= Boyakonda Gangamma =

Hindu temple

Boyakonda Gangamma is a temple dedicated to Gangamma Devi (an incarnation of Shakti) located at Boyakonda, in Annamayya District, Andhra Pradesh, India. The temple is situated near the village of Diguvapalli in Chowdepalli mandal, approximately 20 km from Madanapalle and 150 kms from Bangalore. It serves as a prominent Hindu pilgrimage center in the region.

== History ==
Centuries ago the tribals Boyas and "Pala Ekari" Caste lived in the forest area around the hillock. They stood up and resented the repressive and automatic rule of the Nawabs. They retaliated against the Muslim soldiers and chased them. The Golconda Nawab rushed additional troops to crush the revolt...tribals could not withstand the onslaught of the Muslim army and fled into the forest and prostrated near the hillock and prayed Almighty to save them. The spirit of the Goddess Shakti descended from the hillock, shielded the tribals and crushed the Nawab's army. Local people say that the Shakti has tied the heads of soldiers to banyan tree branches.
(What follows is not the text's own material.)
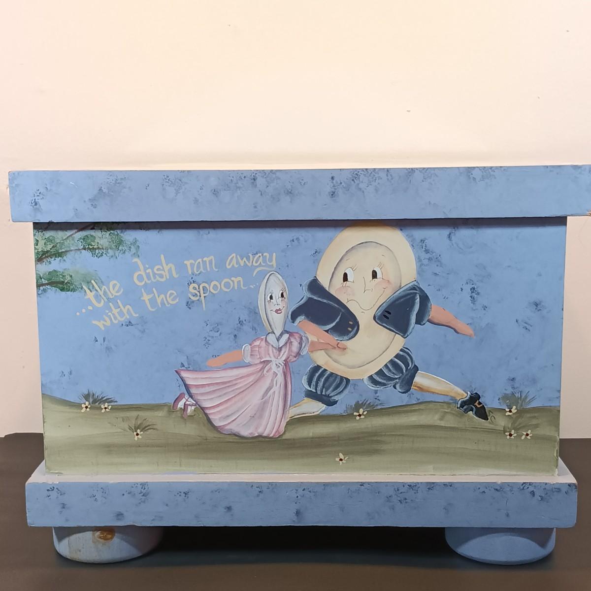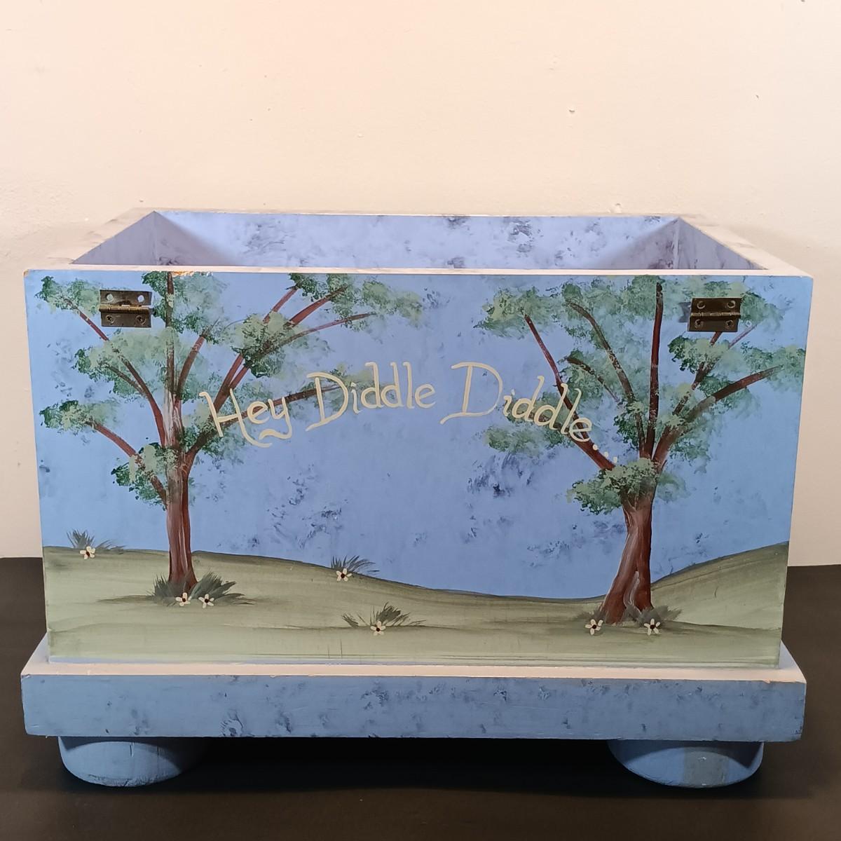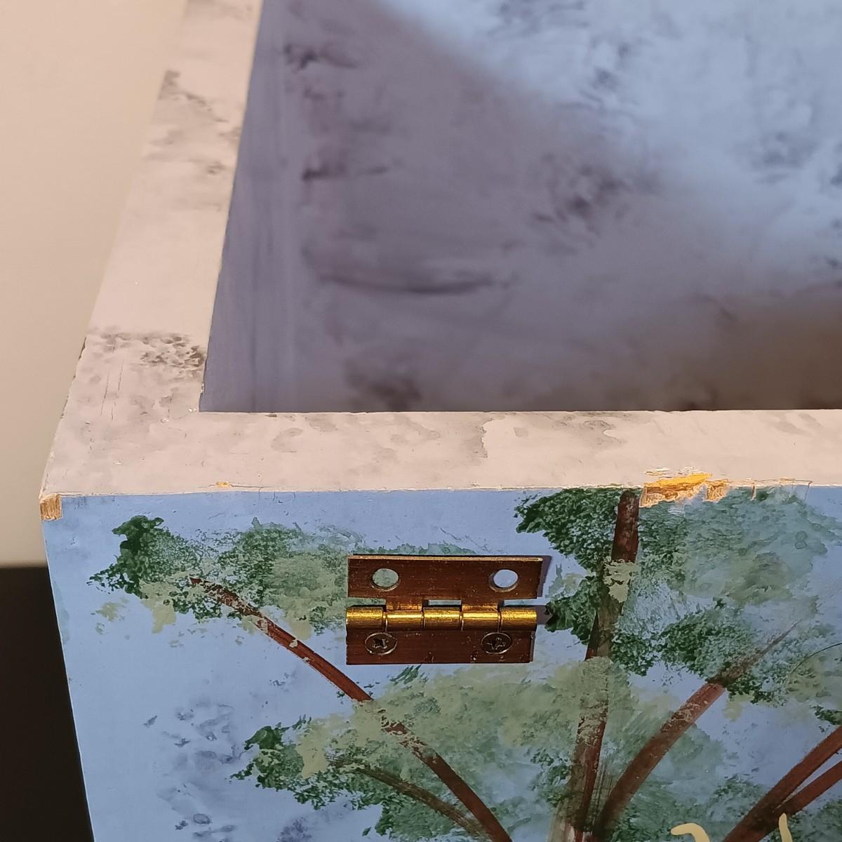 Toy Box lid has come free of the hinges and is missing part of the chain inside.

In the event of victory Boyas And Pala Ekari's Combinedly built the Gangamma temple, which saved them against evil forces and became famous for centuries...
Yet the Castes Of Boyars and Pala Ekari's are Dominant in The Area and Serving the Ammavaru...

==Legend==
It is believed that the Goddess who gives her blessings to the devotees was discovered by the ancient local people here called as Boiya's and since then they are offering their devotion and prayers to the goddess.

==Temple==
The temple of Goddess Gangamma is one of the many ancient temples located on top of a mountain. The word "Baikonda" pronounced as "Baa-ee-kon-da" means mountain which has a well. The Goddess resides right besides this well and is believed to be very powerful. This goddess is known to destroy all evil and those who sincerely worship her are bound to succeed. Her temple is dedicated to the sister of Venkateswara.

Devotees come here and make their wishes and once the wish comes true they come back to make an offering to the Goddess Gangamma which they would have agreed upon once their wish became true.

The water from the well is believed to cure many skin ailments. Local people believe that the Pushkarini water is very powerful, and sprinkling it in the field will yield good crop. Devotees can test whether their wishes will be fulfilled by placing a flower on the head of the deity. Locals believe that if the flower falls on the right side it is positive and negative if it falls on the left. Devotees who come here should take the "theertha", the holy water in the well that is believed to cure and ward off evil.

The offering for the Goddess is generally a hen or a sheep which will be sacrificed to the Goddess and the meat will be cooked at the same place and shall be eaten by all the family members who would have come along.

Once a year the temple Navartri festival brings in lakhs of people from all over India, particularly the south.

==Management==
The Gangamma temple was taken over by Endowments Department of Andhra Pradesh in 1990. Since then an executive officer is in charge of administration of the temple and efforts were made to develop the temple and facilities were created for devotees.